第14話「守る空」

 泣き疲れて、もう何も出なくなったところで空は樹里の胸元から顔を離す。


「……樹里さん、ありがとうございました」


 お礼を言われた樹里は、困ったような曖昧な笑顔を浮かべていた。


「……私はなにもしていないだろう」

「いえ、胸を借りてすっきりしました」

「そうか。なら私の胸を貸したかいがあったというものだ」


 差し出された樹里の手をとって、空は立ち上がる。

 公義を見て、空はまた顔をくしゃっと歪ませながら、それでも見据える。


「公義さん、ごめんなさい。それとありがとうございます。私──」


 紡ぎかけたところで、小地球全体が横に激しく振動する。体を揺さぶられて、それでも大地をしっかりと踏みしめた空は、小地球の天井を見上げた。

 まず青が見えた。スカイナイトの背面装甲だ。背が見えるということは、小地球を守るように送られてきたのだろう。


「はい。はいっ……わかりました。空」


 手早くレシーバーでどこかと連絡を取っていた樹里が空を見つめて、問う。


「調さんからの連絡だ。戦況は芳しくなく、大地は苦戦している。スカイナイト三号機-アイギス-は見てのとおり、送り込まれている。あとは空に任せる、だそうだ」

 

 調らしい言伝だった。

 こういう時、調は強制しない。その人が選択するのを待ってくれている。

 決してどうでもいいから任せているわけではない。調は可能性に賭けているのだ。人がどう選択するか。どう動くのか。賭けてくれている。

 空は公義を一瞥する。

 こちらを注視しているが、目は空を見守るようで。

 自分が唾を飲み込む音が聞こえた。

 外がどうなっているかはわからないけど、確かに大地は苦戦しているのだろう。いまだ戦闘の音は聞こえているのだから。アイギスが送られてきたことからも、厳しい状況なのだろう。

 守ることがまだ怖くないと言えば嘘になる。

 また守れなかったらどうしようと、心が未知に震える。

 それでも。

 守らなかったら後悔する。守れなくても後悔して、守らなくても後悔に苛まれるなんて、そうなった自分を呪いたくもなるような性格だ。

 ここで手をこまねいて、誰かが死ぬなんて見たくない。

 だから足は動き出す。


「行きます!」


 思いのほか、すんなりと声が出た。


「いってらっしゃーい!」


 天音の調子はずれの見送りに、空は手を振り返す。

 いけ、と心が命じる。

 守れないから無駄なんじゃない。守らなければ無駄なのだ。

 これまでスカイナイトで守ってきた全部、意味がない気がしていたけれど、決してそんなことはない。

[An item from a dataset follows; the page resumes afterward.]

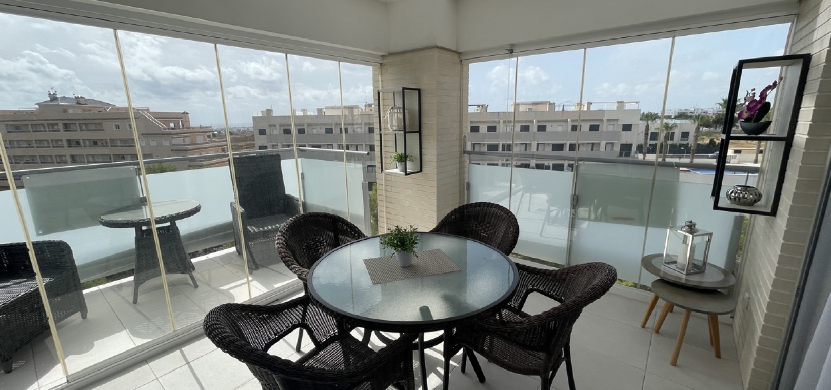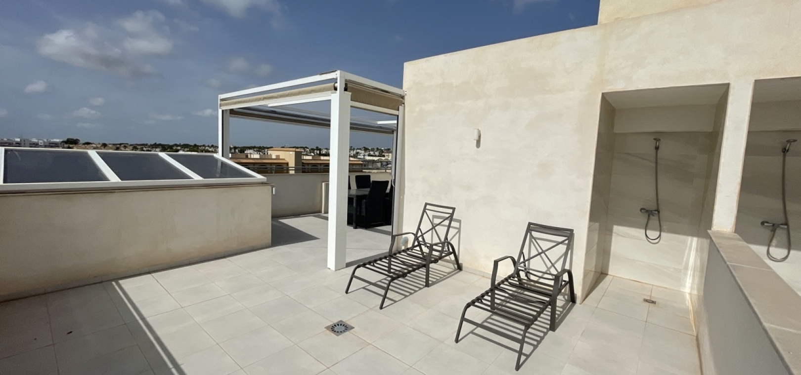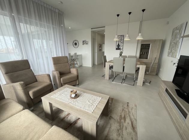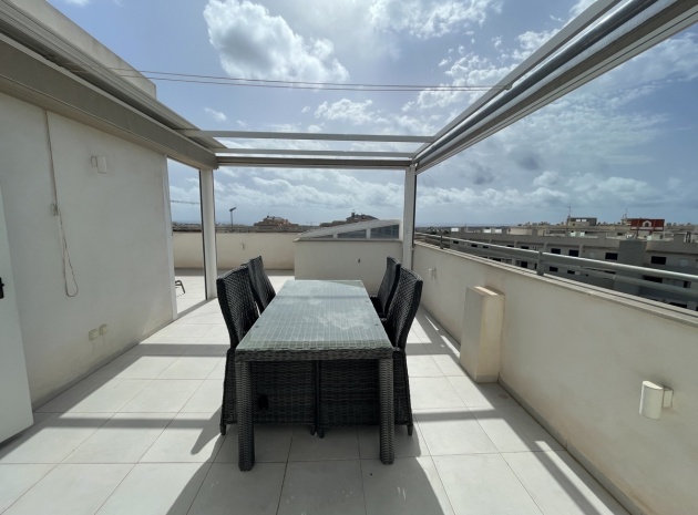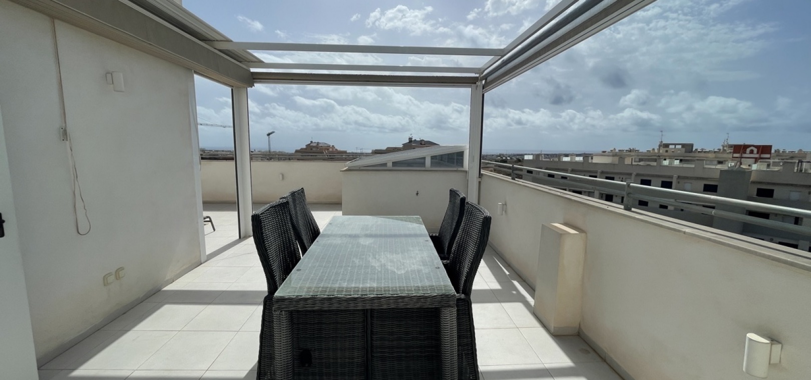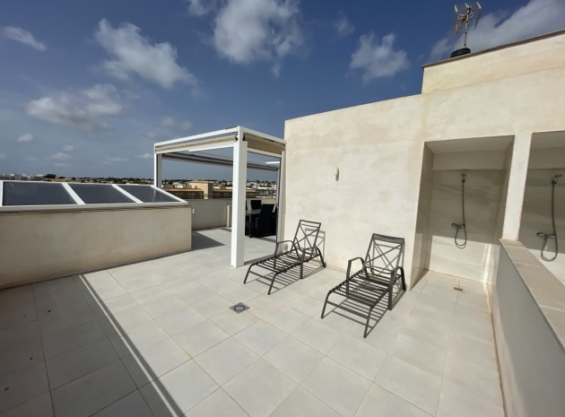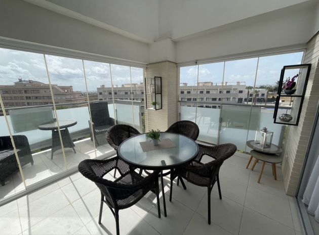 En lyxig lägenhet på översta våningen med 3 bäddar och 2 badrum i sydost med ett privat takterrass i Res. Mirador de Villamartin, Los Dolses, Villamartin, Costa Blanca. Denna härliga fastighet i modern stil säljs i nyskick, säljs möblerad och består mycket kortfattat av följande: - Stort vardagsrum/matsal, kök med öppen planlösning, 2 x dubbelrum med inbyggda garderober, 1 x enkelrum, det största Sovrummet har ett eget duschrum, 1 x moderna duschrum, stor inglasad terrass på framsidan, stort privat takterrass med öppen utsikt, 2 x gemensamma pooler och trädgårdar, gemensam parkering och mycket mer. Denna fastighet är idealiskt belägen inom gångavstånd till affärer, barer och restauranger. Stränderna i La Zenia och Playa Flamenca ligger bara några minuter bort med bil - liksom köpcentret Zenia Boulevard. Alicantes flygplats ligger 50 minuters bilresa bort.

 守れなかったことを胸に刻み込んで、次はもっと多くを守る。

 自分が止まっている間に失われるものを、少しでも減らす。

 それがいまの自分にできる守り方だ。


 ……

 …


 樹里は眩しく光り輝く者を見る瞳で、走り出した空を見つめる。

 まだ到達し得ないところにいる空を、羨ましく思う。

 遠い過去にいなくなってしまった友達を思い出しかけて、首を振る。いまは他にするべきことがある。

 公義に向き直って、樹里は頭を下げた。


「公義さん、ありがとうございました。空を救ってくれて」

「いえ……僕がずっと悩んでいるせいで空さんには苦しい思いをさせてしまいました」


 公義は自分のことのように空を気遣い、降ろした天音の頭を愛おしそうに撫でる。気持ちよさげに目を細めているのが可愛らしい。


「もっと早くに伝えられれば、よかったのですがね」


 公義が空のあとを追うように顔を向ける。穏やかに見えるがひそめた眉からは色々な感情を攪拌機に混ぜた、複雑怪奇なものが垣間見えた。

 公義が空に向けた言葉は、紛うことなき本心だったのだろう。それは声色と表情からもわかることだ。

 しかし感情というのは複雑で、推し量り切れない。心の気持ちは幾重にも重なって、ただ単純にひとつのことだけが真実になるわけでなかった。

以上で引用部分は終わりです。